-- GOAL OF THE EXERCISE --
Output the exact lines that start at the one containing "Zhang Liang of" and continue to the last line of the entries below; do not output pictures.

-- DATA SUPPLIED --
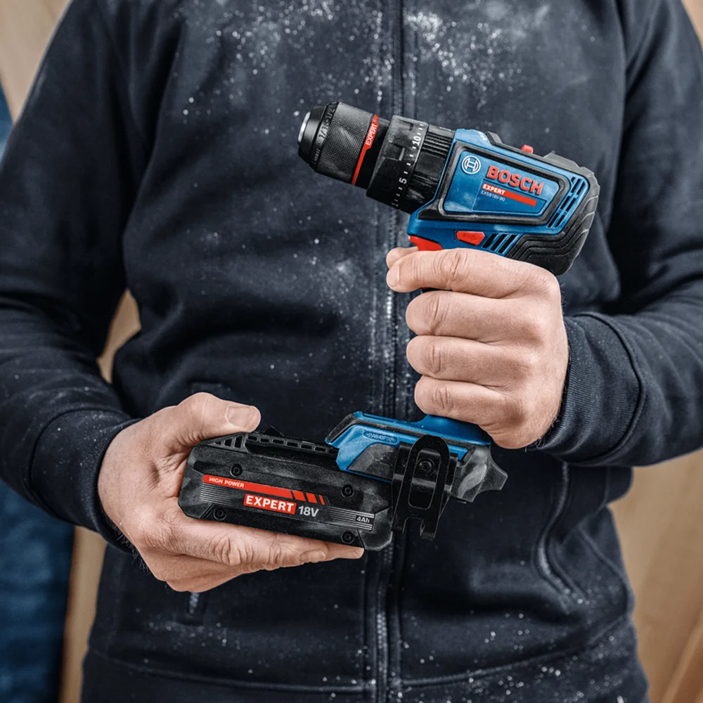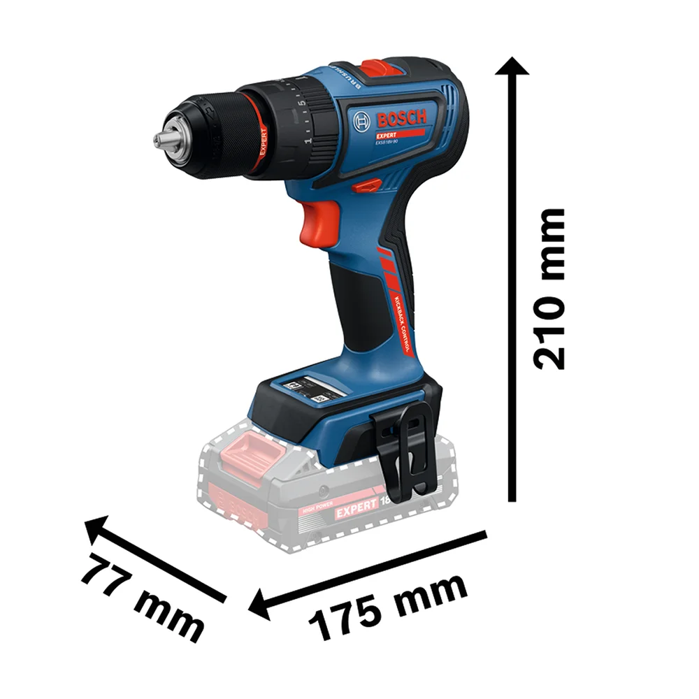 Bosch EXPERT EXSB18V-90 je snažna akumulatorska udarna bušilica-odvijač dizajnirana za profesionalne korisnike kojima su potrebni visoka snaga, precizna kontrola i sigurnost pri radu. Zahvaljujući snažnom motoru bez četkica, alat pruža vrhunske performanse uz mekani moment od 36 Nm i tvrdi moment od 65 Nm, brzinu do 2.100 min⁻¹ te maksimalno 29.500 udaraca u minuti za brzo i učinkovito bušenje u zidarstvu.
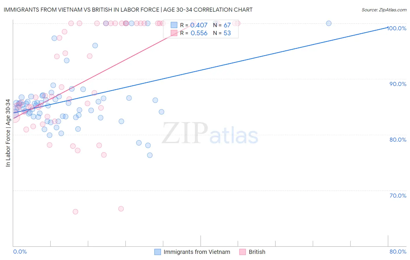 Immigrants from Vietnam vs British In Labor Force | Age 30-34 Correlation Chart
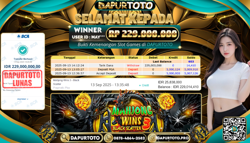 BUKTI JACKPOT SLOT GAME 13 September 2025 Posted by team logic MAHJONG WINS 3 BLACK SCATTER SABTU, 13 SEPTEMBER 2025 RP. 229.000.000,- SELAMAT KEPADA PEMENANG, SALAM JP ! Updated: 13 September 2025 at 3:48 pm ◀ BUKTI JACKPOT SLOT GAME PREDIKSI BULLSEYE ▶
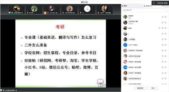 为了调节静态管理期间员工的心理状态,引导同学们转移对疫情的焦虑,同时给英语专业2020级有意向的考研学子们提供考研指导,太阳成集团tyc33455cc英语教研室于2022年10月21日晚7点至9点以腾讯会议的方式举办了线上考研指导讲座。会议由英语教研室苏小强、高保欣和彭诚三位老师主讲。
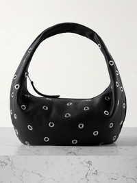 Olivia medium embellished textured-leather tote Black
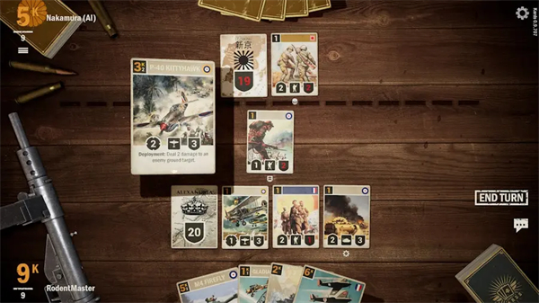 KARDS是一款以二戰(zhàn)為題材的收集類卡牌游戲,玩家需靈活搭配單位卡、戰(zhàn)術(shù)卡與支援卡,既要部署地面部隊鞏固防線、推進(jìn)戰(zhàn)線,也要派遣空軍爭奪制空權(quán)壓制敵方,必要時還可發(fā)動戰(zhàn)略轟炸等戰(zhàn)術(shù)卡打亂對手節(jié)奏,勝負(fù)不僅取決于卡組構(gòu)建與卡牌收集深度,更考驗實時戰(zhàn)局判斷,針對敵方空軍短板集中部署防空卡牌,每一步?jīng)Q策都關(guān)乎戰(zhàn)場主動權(quán),帶來兼具歷史厚重感與策略深度的對戰(zhàn)體驗。
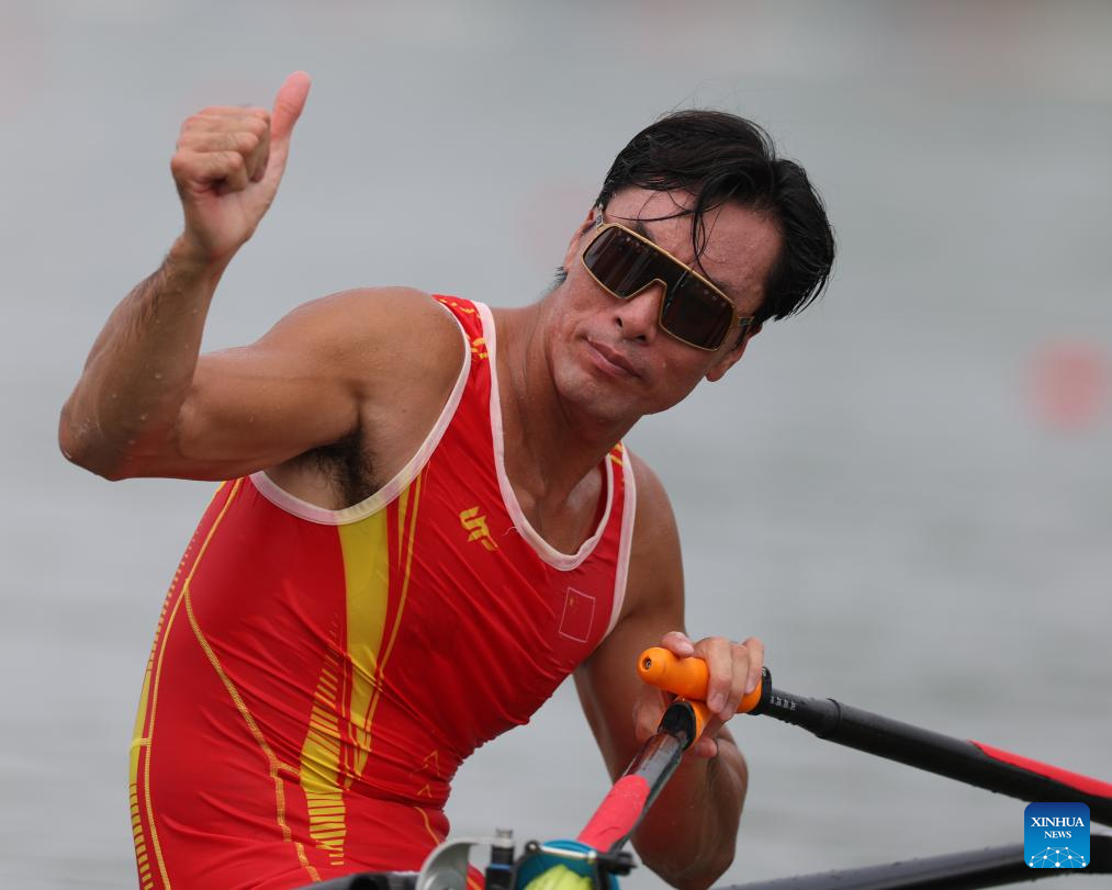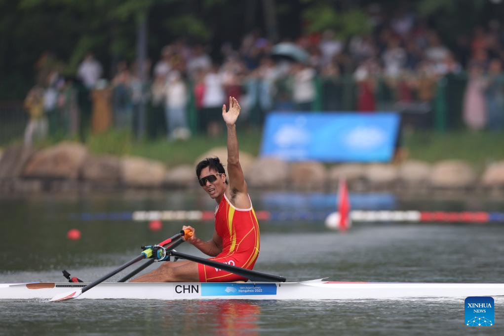 Zhang Liang of China celebrates after the Men's Single Sculls Final of Rowing at the 19th Asian Games in Hangzhou, east China's Zhejiang Province, Sept. 25, 2023. (Xinhua/Du Xiaoyi)
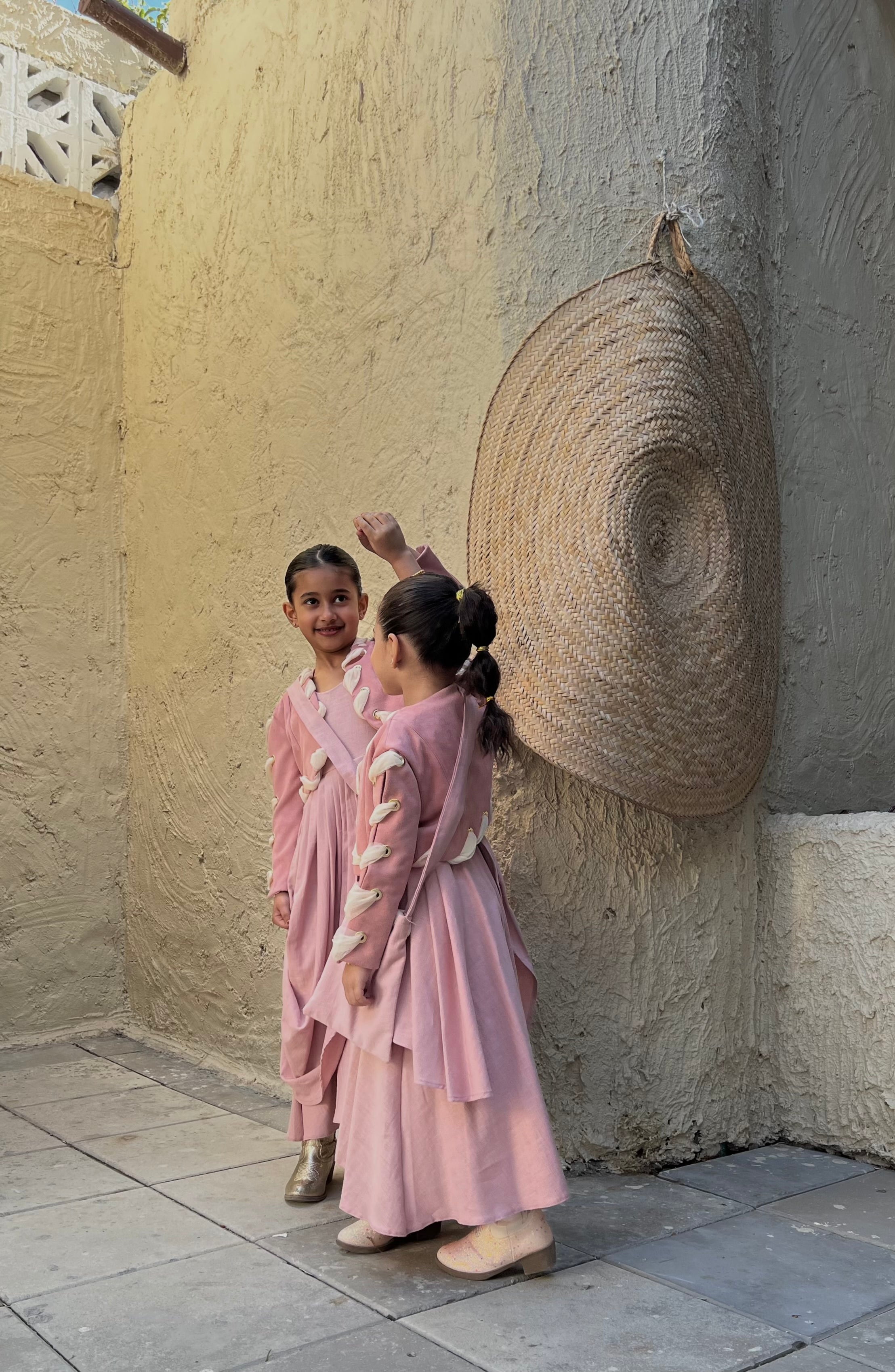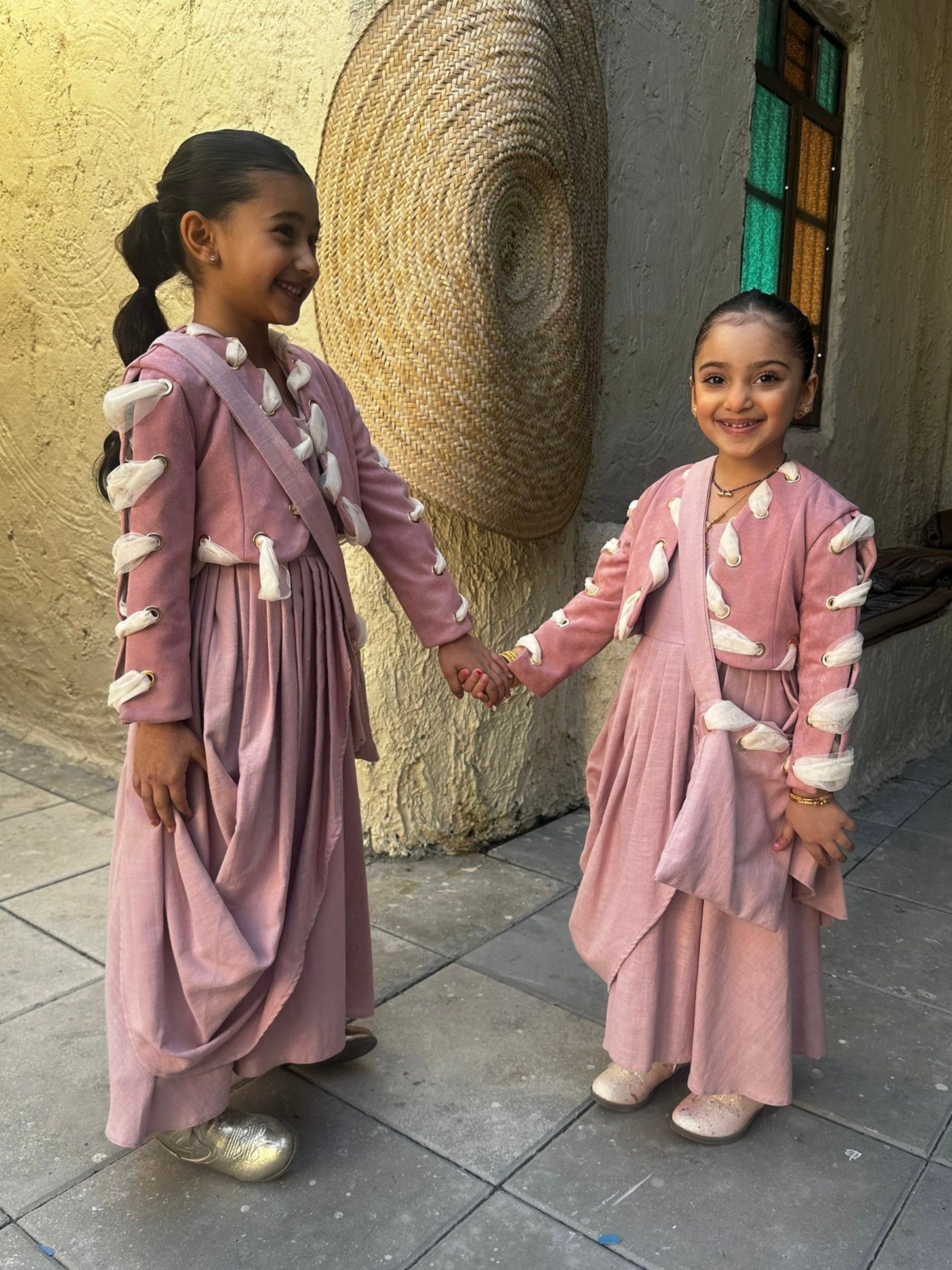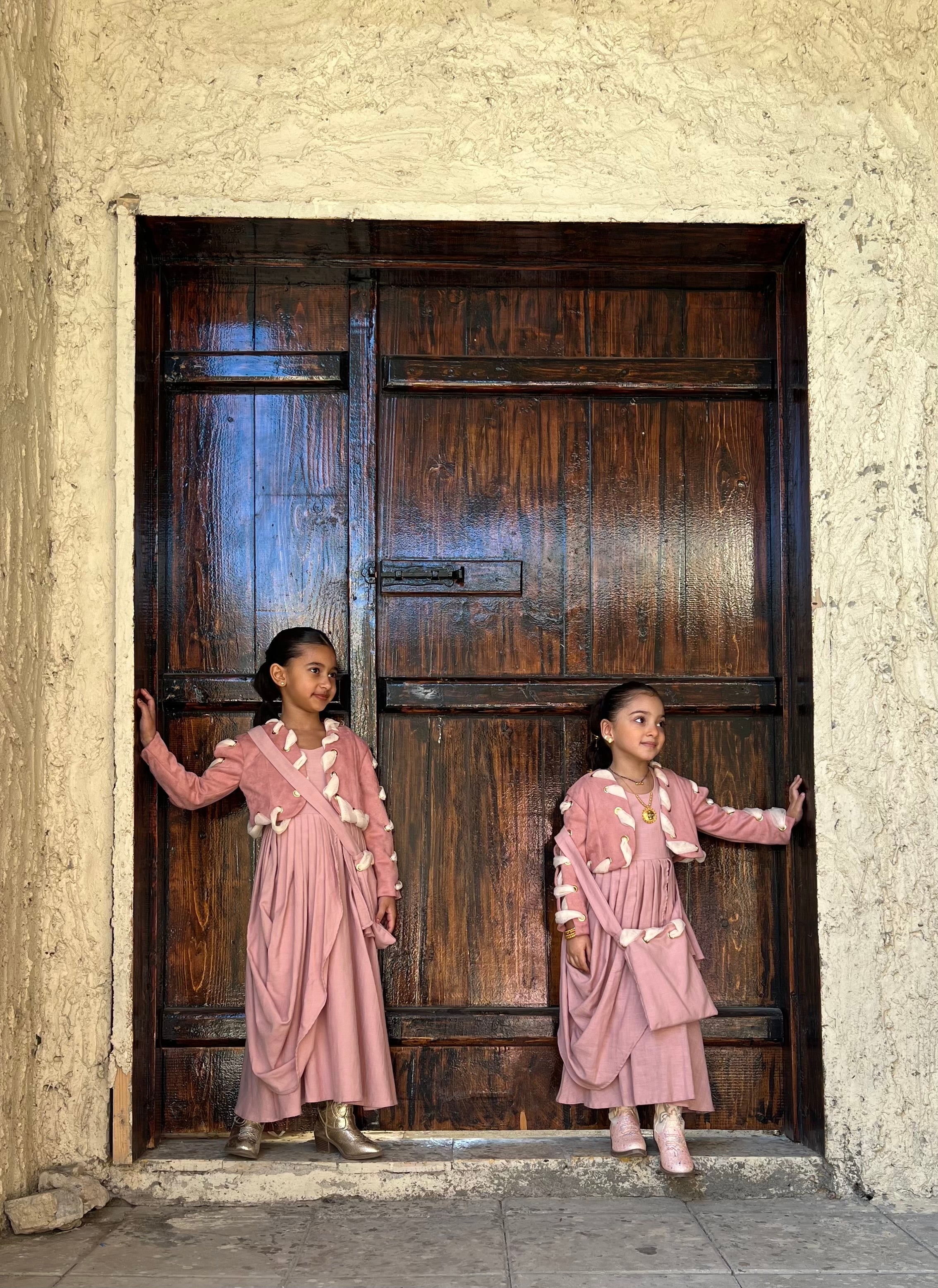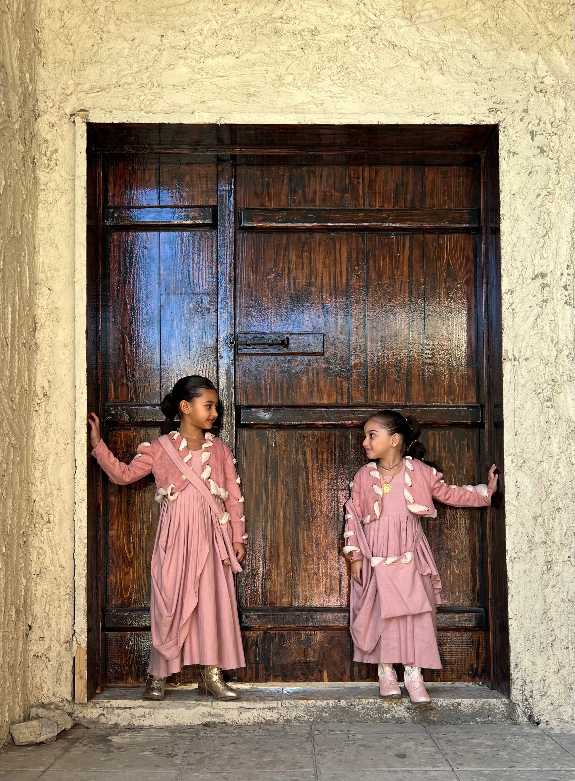 The Mini Amraya Set is a graceful blend of softness and elegance, designed for little girls who love refined details.

-- PROBLEM SOLUTION --
 Zhang Liang of China celebrates after the Men's Single Sculls Final of Rowing at the 19th Asian Games in Hangzhou, east China's Zhejiang Province, Sept. 25, 2023. (Xinhua/Du Xiaoyi)
 The Mini Amraya Set is a graceful blend of softness and elegance, designed for little girls who love refined details.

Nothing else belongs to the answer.